Security forces in southwestern Niger detained for 48 hours a four-member crew of Al-Jazeera English TV while they were covering the conditions of refugees displaced by armed conflict in Nigeria, the Qatar-based station reported.
Officials on June 15, 2013, detained West Africa Correspondent Yvonne Ndege, camera operator Romuald Luyindula, producer Mohammed Abubakar, and driver Rabiu Abdullahi and took them to the city of Zinder for questioning, according to an Associated Press report citing Hasan Salim Patel, an Al Jazeera spokesman. The journalists were accused of espionage, interrogated for 10 hours, and their equipment and passports confiscated.
Patel told CPJ that the journalists did not have accreditation from the Ministry of Communications, but that they had a visa and several filming permits that had been issued by local officials. The crew was released without charge on June 17, 2013, Al-Jazeera reported. The broadcasters were working to get the equipment returned, Patel said.
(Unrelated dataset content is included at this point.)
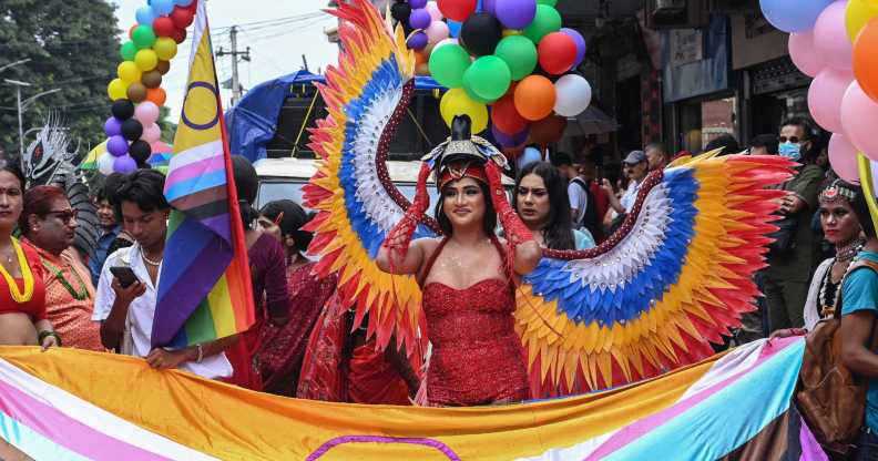 Hundreds of people have gathered together for Nepal Pride parade. (Prakash Mathema/AFP/Getty Images)

The day before the arrest, Al-Jazeera had aired a report by Ndege, its correspondent, from the nearby town of Bosso that showed harsh conditions for refugees who had escaped fighting between the Nigerian military and the banned Islamist insurgent group Boko Haram.
Marou Amadou, the justice minister of Niger, told the AP that the journalists had entered the country without accreditation and had only a visa that they had gotten in Nigeria. “Administratively, we cannot accept this. They need to come to the ministry and apply for their accreditation,” he said. “We are not detaining them. We are just inspecting their material. And they are waiting for their material to be released.”
But Salifou Labo Bouché, the communications minister of Niger and a government spokesman, told CPJ that the government did not have any restrictive policies toward the press. “We do not withhold accreditation. Niger is an open country, not closed,” he said.